***** Data for the task

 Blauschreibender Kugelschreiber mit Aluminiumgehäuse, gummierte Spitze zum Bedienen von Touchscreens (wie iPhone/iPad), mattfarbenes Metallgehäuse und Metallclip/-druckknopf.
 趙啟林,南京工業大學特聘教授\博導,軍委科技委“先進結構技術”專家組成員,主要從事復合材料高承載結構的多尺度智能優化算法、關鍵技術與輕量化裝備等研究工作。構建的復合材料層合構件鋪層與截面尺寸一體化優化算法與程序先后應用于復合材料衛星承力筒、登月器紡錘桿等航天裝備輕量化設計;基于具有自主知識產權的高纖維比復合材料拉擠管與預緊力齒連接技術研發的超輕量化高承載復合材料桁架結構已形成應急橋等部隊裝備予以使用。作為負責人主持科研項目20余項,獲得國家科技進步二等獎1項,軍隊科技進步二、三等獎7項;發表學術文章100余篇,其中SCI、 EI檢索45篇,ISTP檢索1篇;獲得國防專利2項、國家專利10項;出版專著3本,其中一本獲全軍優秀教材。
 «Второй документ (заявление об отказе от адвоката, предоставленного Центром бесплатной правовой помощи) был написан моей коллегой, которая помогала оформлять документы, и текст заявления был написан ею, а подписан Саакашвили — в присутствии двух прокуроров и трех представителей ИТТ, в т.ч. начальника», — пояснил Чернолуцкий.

**********
***** Data for the task

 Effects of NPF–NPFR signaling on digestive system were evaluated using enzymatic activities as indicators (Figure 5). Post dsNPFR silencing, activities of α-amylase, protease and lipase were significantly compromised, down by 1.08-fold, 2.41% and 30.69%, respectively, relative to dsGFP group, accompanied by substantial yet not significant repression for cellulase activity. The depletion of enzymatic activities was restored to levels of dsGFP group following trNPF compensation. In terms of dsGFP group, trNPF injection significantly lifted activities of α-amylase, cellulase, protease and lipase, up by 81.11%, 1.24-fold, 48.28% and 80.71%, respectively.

**********

Work to be completed: Beginning at the line with "Blauschreibender Kugelschreiber mit" and ending at the line with "趙啟林,南京工業大學特聘教授", reproduce each line of the data above exactly, and add no other lines.

Solution to this exercise:
 Blauschreibender Kugelschreiber mit Aluminiumgehäuse, gummierte Spitze zum Bedienen von Touchscreens (wie iPhone/iPad), mattfarbenes Metallgehäuse und Metallclip/-druckknopf.
 趙啟林,南京工業大學特聘教授\博導,軍委科技委“先進結構技術”專家組成員,主要從事復合材料高承載結構的多尺度智能優化算法、關鍵技術與輕量化裝備等研究工作。構建的復合材料層合構件鋪層與截面尺寸一體化優化算法與程序先后應用于復合材料衛星承力筒、登月器紡錘桿等航天裝備輕量化設計;基于具有自主知識產權的高纖維比復合材料拉擠管與預緊力齒連接技術研發的超輕量化高承載復合材料桁架結構已形成應急橋等部隊裝備予以使用。作為負責人主持科研項目20余項,獲得國家科技進步二等獎1項,軍隊科技進步二、三等獎7項;發表學術文章100余篇,其中SCI、 EI檢索45篇,ISTP檢索1篇;獲得國防專利2項、國家專利10項;出版專著3本,其中一本獲全軍優秀教材。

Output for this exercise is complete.